Data Science Project · Group 21

The Wealth Paradox

A data-driven investigation into global suicide rates and economic well-being across 180+ countries, 1990–2022.

180+ countries 32 years of data WHO · World Bank · UNDP Python · statsmodels · scipy
This project analyses suicide rates as a public health metric using anonymised, country-level aggregate data from the WHO. If you or someone you know is struggling, please reach out to a local mental health helpline.

Is economic prosperity synonymous with mental well-being?

This common assumption has been floating around for a while — but how true is it? In an increasingly interconnected world, economic downturns and booms are felt by everyone. Our project uses over three decades of global data to explore the complex relationship between economic conditions and mental health outcomes.

180+Countries
32Years (1990–2022)
3Core Datasets
2Research Questions

We combined the WHO Global Suicide Rates dataset (via Kaggle) with World Bank economic indicators (GDP per capita, employment-to-population ratio, inflation) and the UNDP Human Development Index — capturing health, education, and income dimensions of human development globally.

We also engineered derived variables: SuicideDiff (year-over-year change in suicide rate), GDPperCapitaGrowthPct, and EmpRatioChange to capture dynamic trends rather than static snapshots.

Research Question 1 How do suicide rates respond to macroeconomic crises, such as periods of high inflation or sudden GDP contractions?
Research Question 2 In times of rising unemployment, do countries with stronger welfare systems (reflected in HDI) show smaller increases in suicide rates?

What the data looks like

Before diving into the research questions, we explored the dataset extensively — cleaning missing values, understanding distributions, and mapping regional patterns.
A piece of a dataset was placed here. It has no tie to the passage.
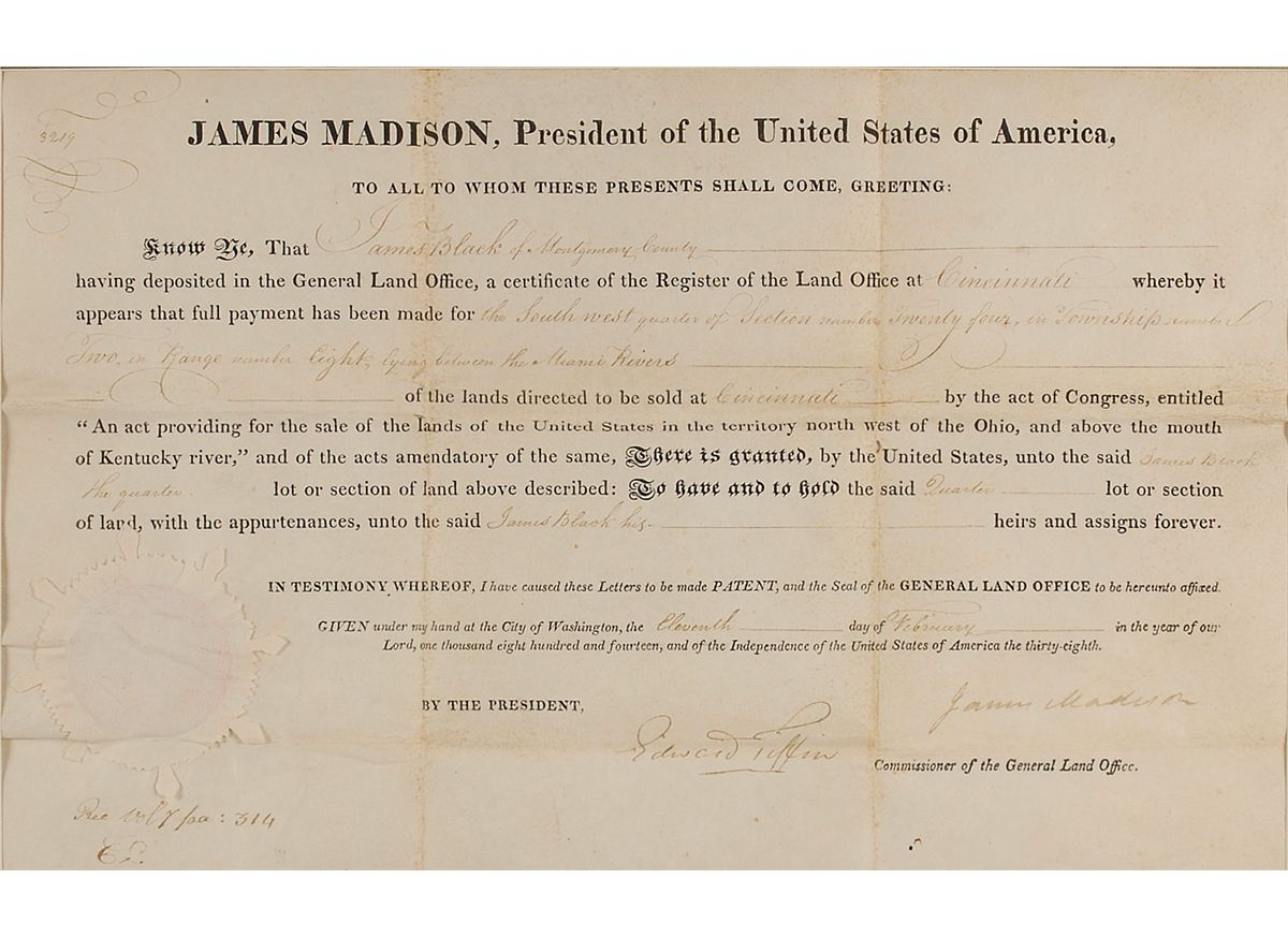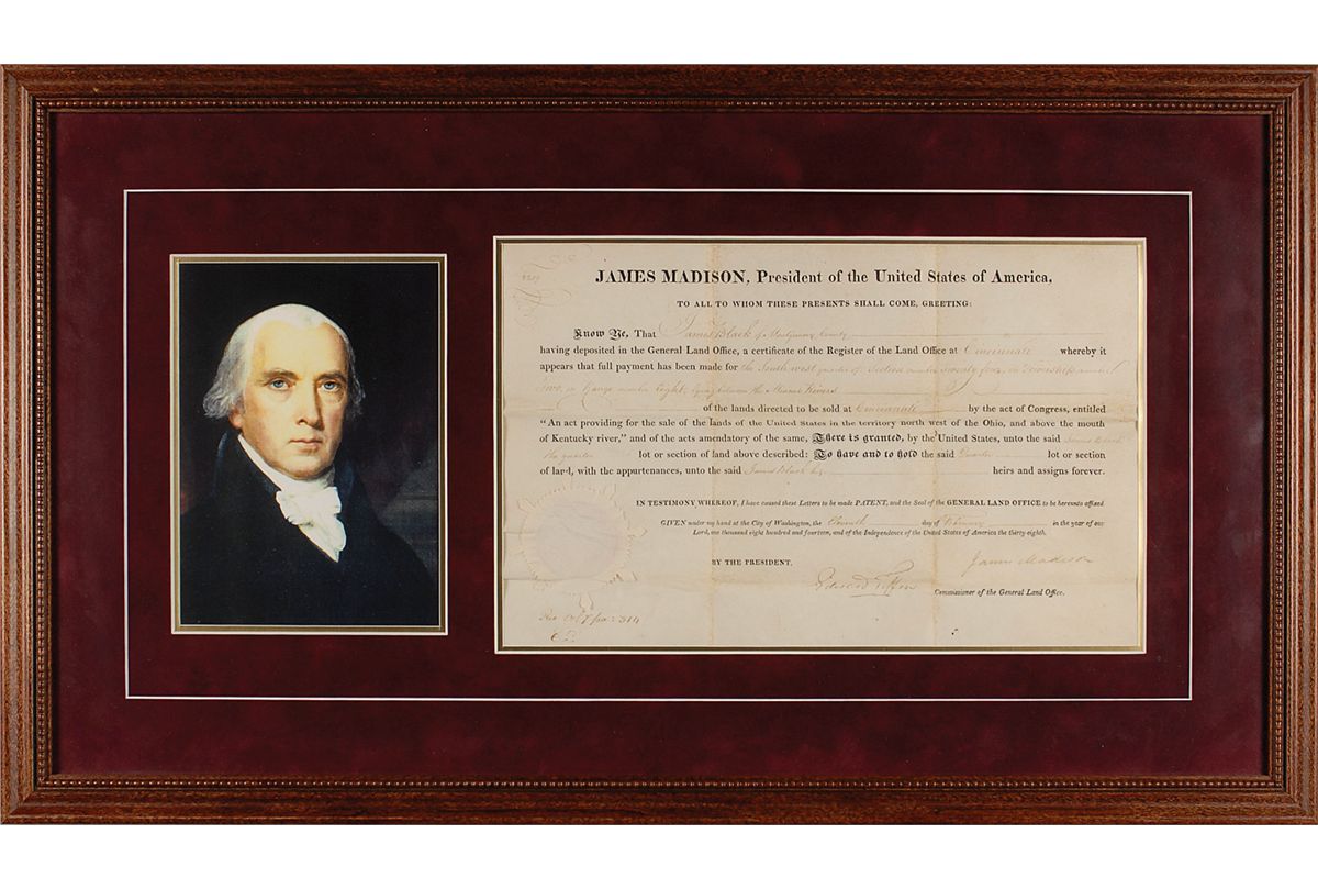Partly-printed DS as president, one page, 13.25 x 8.5, February 11, 1814. President Madison grants James Black a tract of land in Ohio, “lying between the Miami Rivers.” Signed at the conclusion by Madison and countersigned by Commissioner of the General Land Office Edward Tiffin. Double suede matted and framed with a color portrait of Madison to an overall size of 28 x 16. In very good condition, with moderate intersecting folds, and some scattered light toning and wrinkling. The white seal is intact. Oversized.

GDP vs Suicide Rate over time
Global average suicide rate (red, left axis) vs mean GDP per capita (blue, right axis), 1990–2022. Note the divergence after 2000 — GDP rose sharply while suicide rates fell, then both converged near 2020.

The headline chart tells a nuanced story. Rising GDP did correlate with falling suicide rates globally — but not uniformly, and not without exceptions. This motivated our deeper regional and crisis-level analysis.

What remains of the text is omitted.